● TASK TO COMPLETE:
Directions for the data below: repeat exactly the lines from the one with "При подаче выложите" through the one with "Generally it's used", both included, and omit all pictures.

● MATERIAL FOR THIS TASK:
******
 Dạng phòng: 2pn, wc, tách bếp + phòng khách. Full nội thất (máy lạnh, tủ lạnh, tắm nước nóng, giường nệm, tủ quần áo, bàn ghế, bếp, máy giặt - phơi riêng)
******
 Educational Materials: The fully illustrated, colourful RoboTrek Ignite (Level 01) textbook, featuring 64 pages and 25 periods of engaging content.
******
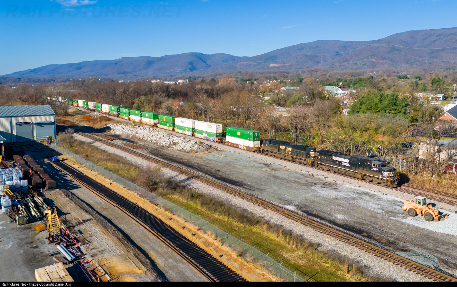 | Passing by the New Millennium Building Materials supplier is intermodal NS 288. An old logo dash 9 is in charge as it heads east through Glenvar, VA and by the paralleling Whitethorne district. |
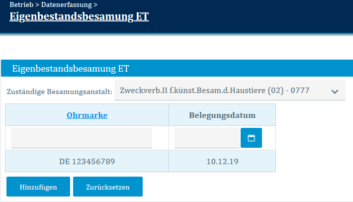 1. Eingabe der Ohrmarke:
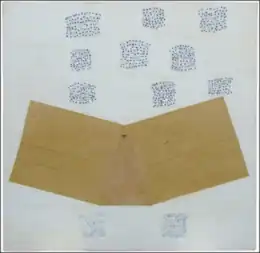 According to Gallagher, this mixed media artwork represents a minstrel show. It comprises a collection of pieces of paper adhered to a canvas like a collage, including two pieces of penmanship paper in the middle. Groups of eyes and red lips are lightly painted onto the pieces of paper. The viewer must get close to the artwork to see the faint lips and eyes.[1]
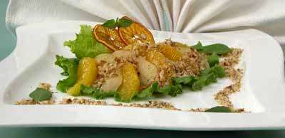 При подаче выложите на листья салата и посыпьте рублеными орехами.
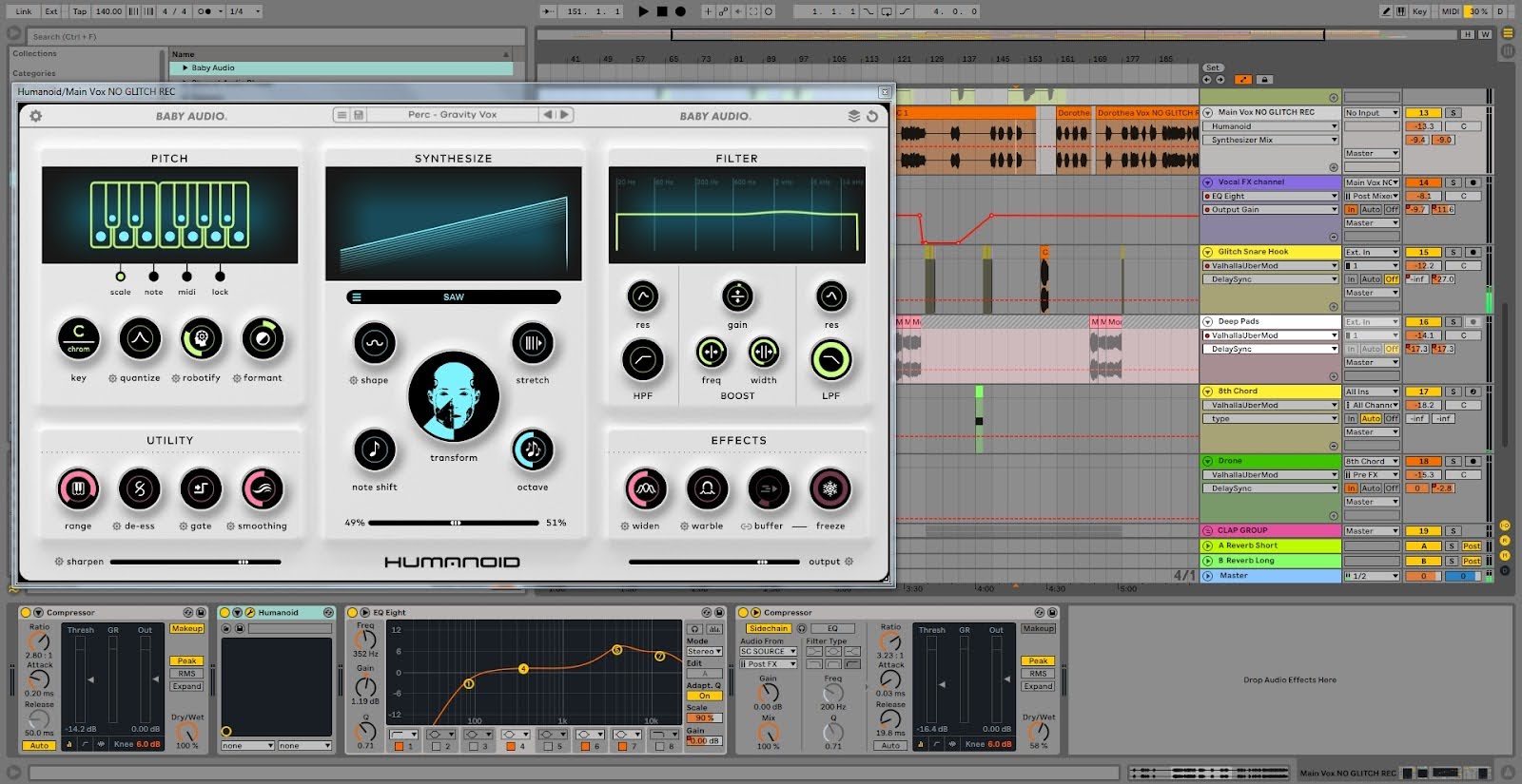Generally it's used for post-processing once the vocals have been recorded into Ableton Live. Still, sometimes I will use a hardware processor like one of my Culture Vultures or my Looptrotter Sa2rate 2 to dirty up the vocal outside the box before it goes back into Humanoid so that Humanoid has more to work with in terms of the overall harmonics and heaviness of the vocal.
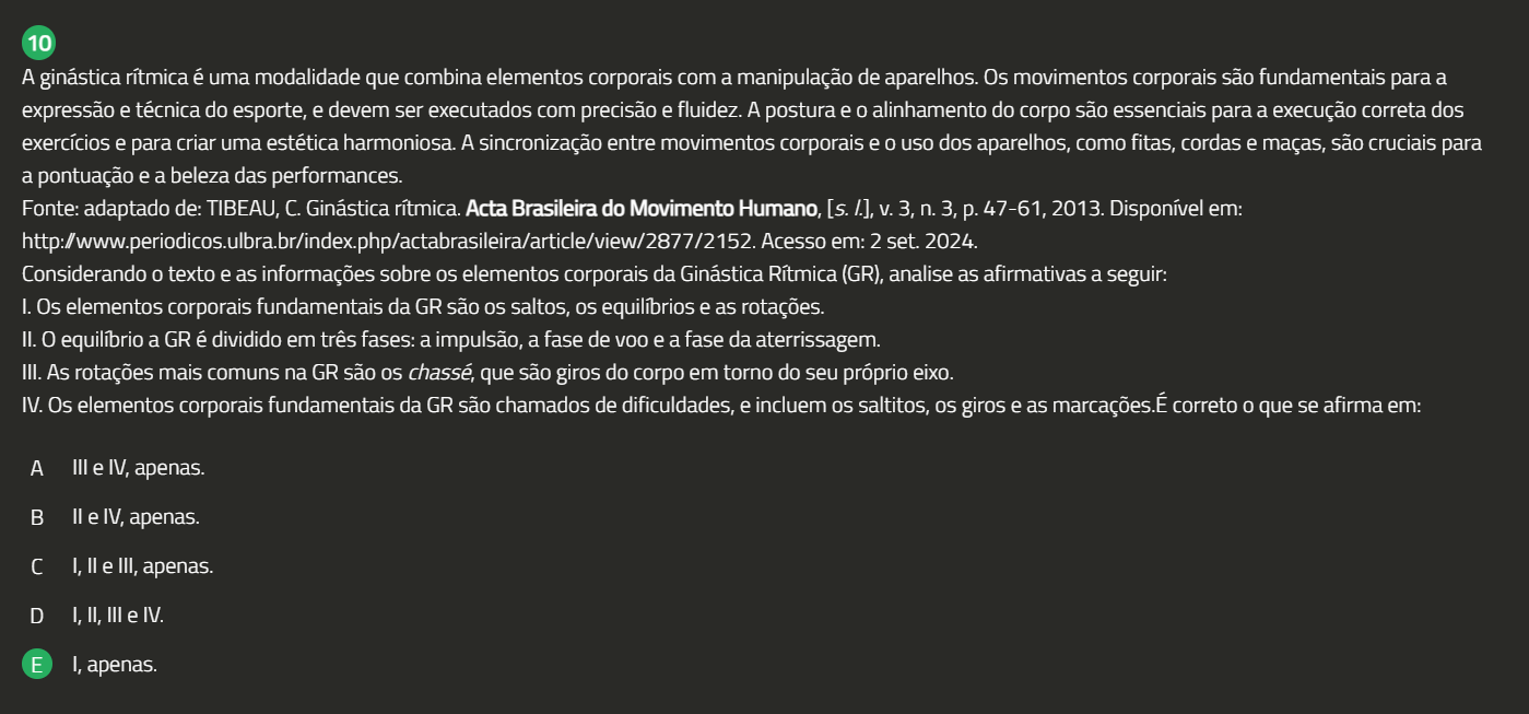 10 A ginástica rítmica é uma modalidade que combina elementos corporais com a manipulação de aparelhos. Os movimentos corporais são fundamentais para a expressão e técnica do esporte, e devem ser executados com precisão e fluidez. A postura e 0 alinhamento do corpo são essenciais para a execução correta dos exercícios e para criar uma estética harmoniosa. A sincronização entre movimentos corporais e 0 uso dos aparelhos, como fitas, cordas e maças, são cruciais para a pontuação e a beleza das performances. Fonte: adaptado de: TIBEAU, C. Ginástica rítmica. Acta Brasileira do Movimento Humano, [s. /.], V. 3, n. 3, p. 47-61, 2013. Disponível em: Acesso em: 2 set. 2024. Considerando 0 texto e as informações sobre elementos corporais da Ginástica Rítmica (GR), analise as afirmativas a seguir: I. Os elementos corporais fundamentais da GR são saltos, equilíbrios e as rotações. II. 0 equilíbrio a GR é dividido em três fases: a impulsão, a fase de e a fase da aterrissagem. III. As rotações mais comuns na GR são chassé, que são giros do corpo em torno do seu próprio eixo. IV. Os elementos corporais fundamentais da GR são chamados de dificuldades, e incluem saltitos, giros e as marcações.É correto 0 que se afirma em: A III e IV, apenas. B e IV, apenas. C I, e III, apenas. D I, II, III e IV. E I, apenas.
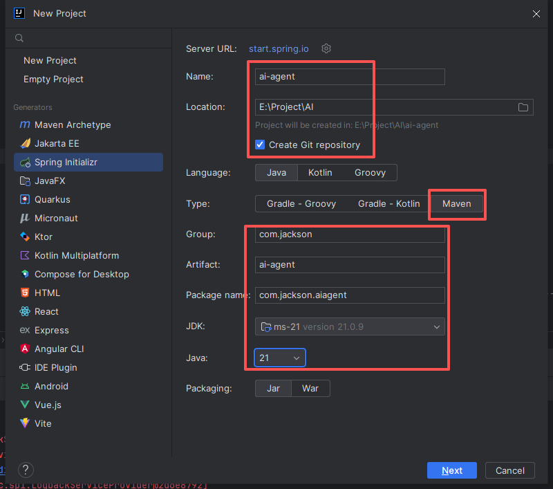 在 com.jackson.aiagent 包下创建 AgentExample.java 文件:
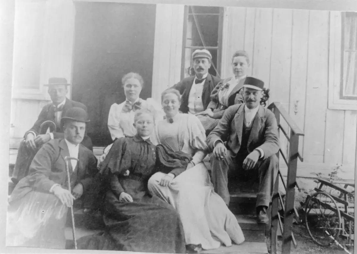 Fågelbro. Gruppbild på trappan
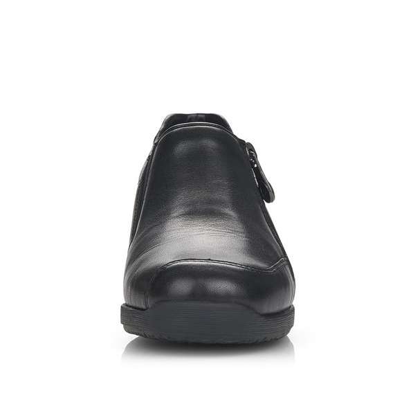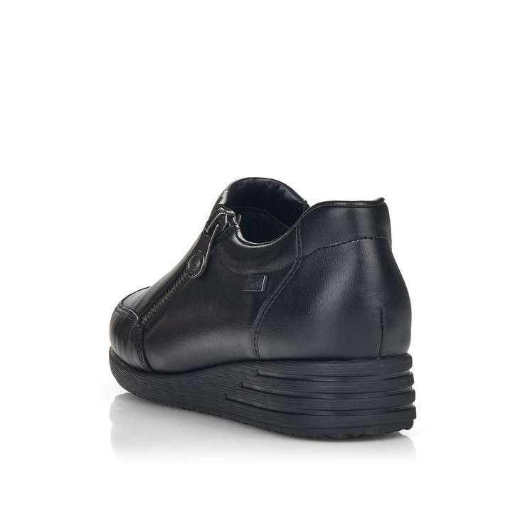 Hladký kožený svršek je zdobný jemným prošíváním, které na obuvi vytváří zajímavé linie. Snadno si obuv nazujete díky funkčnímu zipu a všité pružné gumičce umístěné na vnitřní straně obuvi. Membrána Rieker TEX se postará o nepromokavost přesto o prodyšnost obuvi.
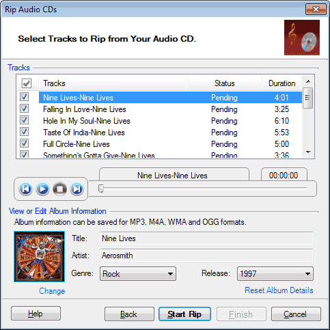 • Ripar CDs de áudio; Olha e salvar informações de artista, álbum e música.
******
● ANSWER:
 При подаче выложите на листья салата и посыпьте рублеными орехами.
Generally it's used for post-processing once the vocals have been recorded into Ableton Live. Still, sometimes I will use a hardware processor like one of my Culture Vultures or my Looptrotter Sa2rate 2 to dirty up the vocal outside the box before it goes back into Humanoid so that Humanoid has more to work with in terms of the overall harmonics and heaviness of the vocal.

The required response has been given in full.